• **WORK TO COMPLETE**: Render every line of the data exactly as written, and leave out the pictures.

• **DATASET CONTENT**:
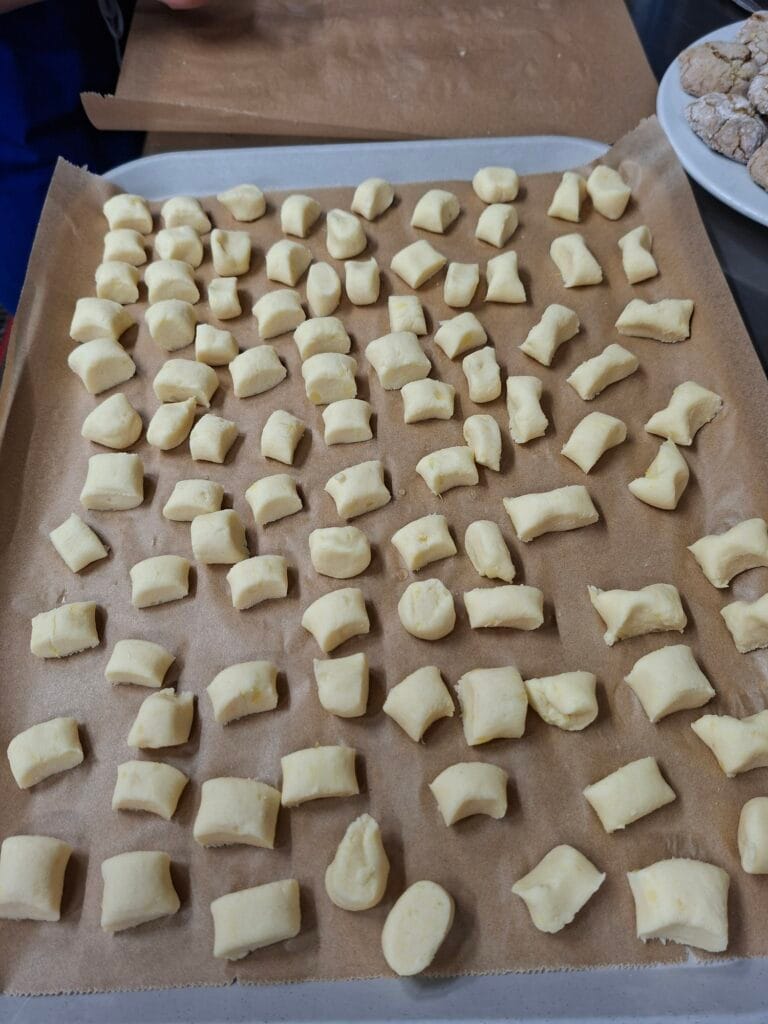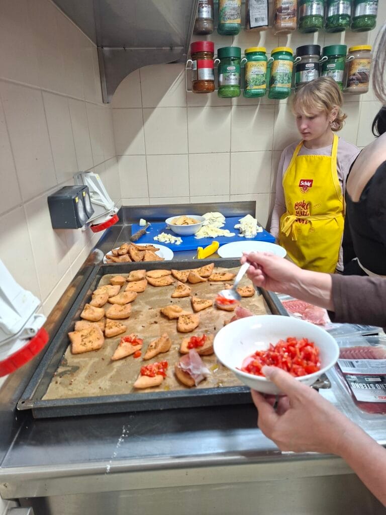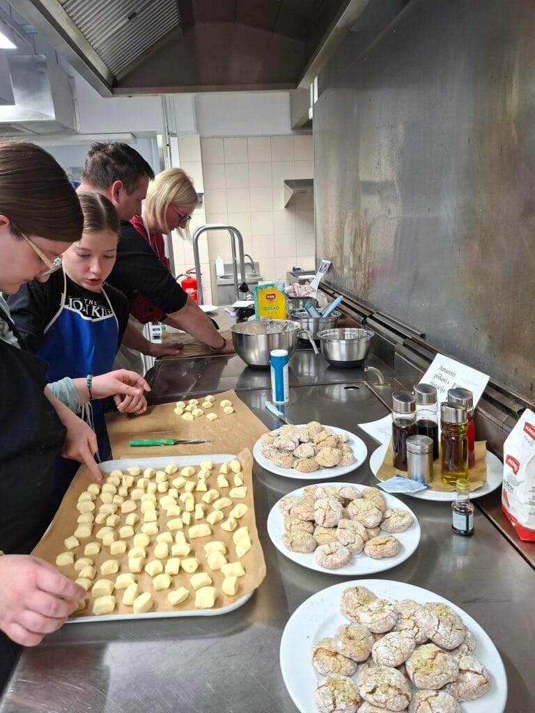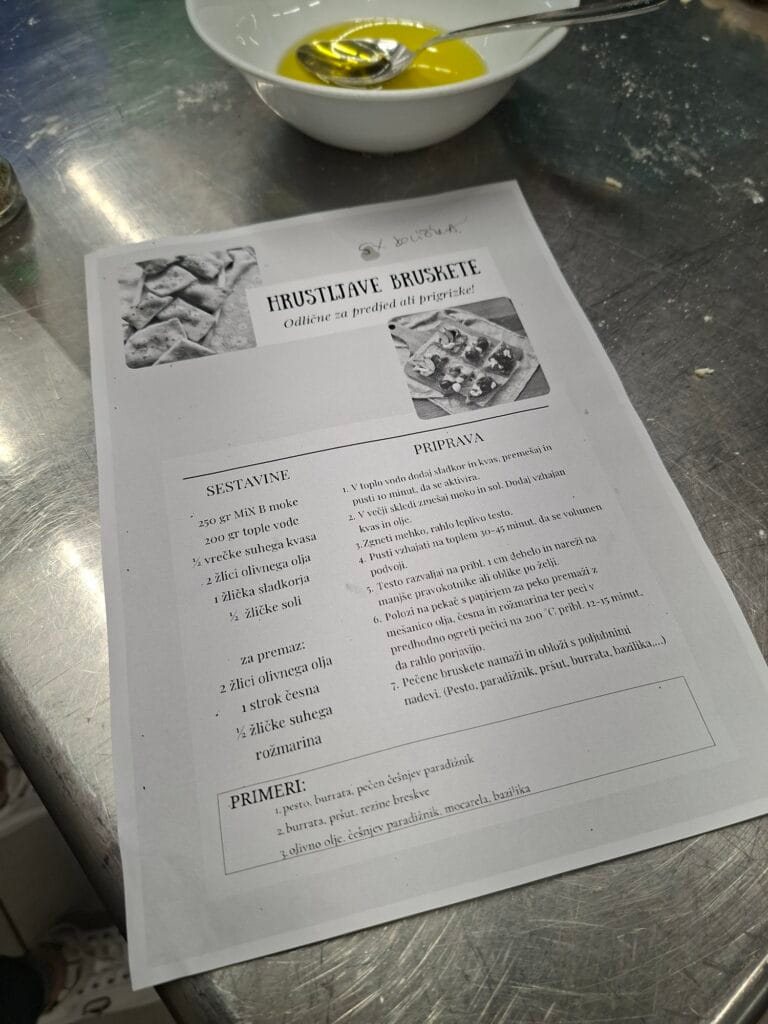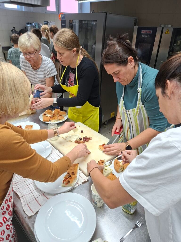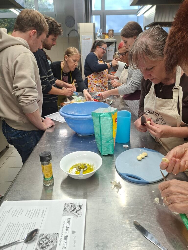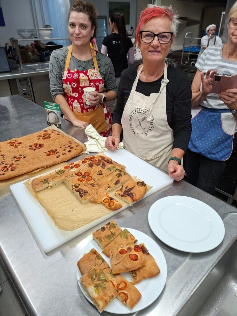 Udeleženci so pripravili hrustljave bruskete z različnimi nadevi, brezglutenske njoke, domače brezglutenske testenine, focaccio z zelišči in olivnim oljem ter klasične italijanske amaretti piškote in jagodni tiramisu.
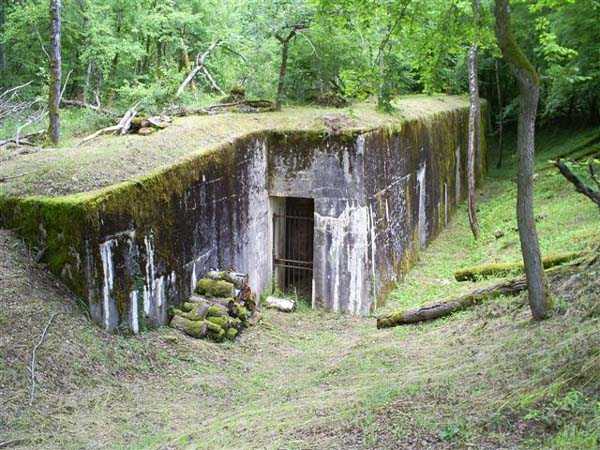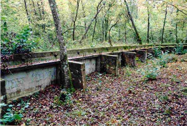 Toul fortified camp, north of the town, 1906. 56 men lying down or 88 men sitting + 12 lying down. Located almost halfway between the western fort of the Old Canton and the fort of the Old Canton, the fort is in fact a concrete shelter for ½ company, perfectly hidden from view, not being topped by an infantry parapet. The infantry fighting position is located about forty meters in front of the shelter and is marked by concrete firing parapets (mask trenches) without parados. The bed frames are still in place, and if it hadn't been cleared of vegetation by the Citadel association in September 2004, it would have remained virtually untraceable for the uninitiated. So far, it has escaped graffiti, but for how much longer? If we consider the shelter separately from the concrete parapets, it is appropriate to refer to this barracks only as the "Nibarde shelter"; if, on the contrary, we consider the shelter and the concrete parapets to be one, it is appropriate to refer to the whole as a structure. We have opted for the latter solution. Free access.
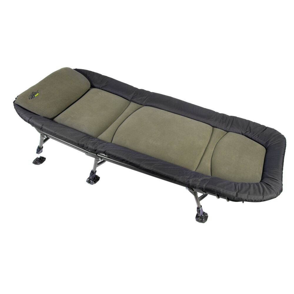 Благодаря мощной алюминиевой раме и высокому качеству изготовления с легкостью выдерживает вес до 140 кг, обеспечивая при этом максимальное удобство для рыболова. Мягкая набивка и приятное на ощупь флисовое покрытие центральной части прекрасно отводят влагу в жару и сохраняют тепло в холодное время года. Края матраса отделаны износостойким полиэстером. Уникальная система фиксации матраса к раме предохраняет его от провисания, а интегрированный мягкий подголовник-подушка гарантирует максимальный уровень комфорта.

• **EXPECTED ANSWER**:
 Udeleženci so pripravili hrustljave bruskete z različnimi nadevi, brezglutenske njoke, domače brezglutenske testenine, focaccio z zelišči in olivnim oljem ter klasične italijanske amaretti piškote in jagodni tiramisu.
 Toul fortified camp, north of the town, 1906. 56 men lying down or 88 men sitting + 12 lying down. Located almost halfway between the western fort of the Old Canton and the fort of the Old Canton, the fort is in fact a concrete shelter for ½ company, perfectly hidden from view, not being topped by an infantry parapet. The infantry fighting position is located about forty meters in front of the shelter and is marked by concrete firing parapets (mask trenches) without parados. The bed frames are still in place, and if it hadn't been cleared of vegetation by the Citadel association in September 2004, it would have remained virtually untraceable for the uninitiated. So far, it has escaped graffiti, but for how much longer? If we consider the shelter separately from the concrete parapets, it is appropriate to refer to this barracks only as the "Nibarde shelter"; if, on the contrary, we consider the shelter and the concrete parapets to be one, it is appropriate to refer to the whole as a structure. We have opted for the latter solution. Free access.
 Благодаря мощной алюминиевой раме и высокому качеству изготовления с легкостью выдерживает вес до 140 кг, обеспечивая при этом максимальное удобство для рыболова. Мягкая набивка и приятное на ощупь флисовое покрытие центральной части прекрасно отводят влагу в жару и сохраняют тепло в холодное время года. Края матраса отделаны износостойким полиэстером. Уникальная система фиксации матраса к раме предохраняет его от провисания, а интегрированный мягкий подголовник-подушка гарантирует максимальный уровень комфорта.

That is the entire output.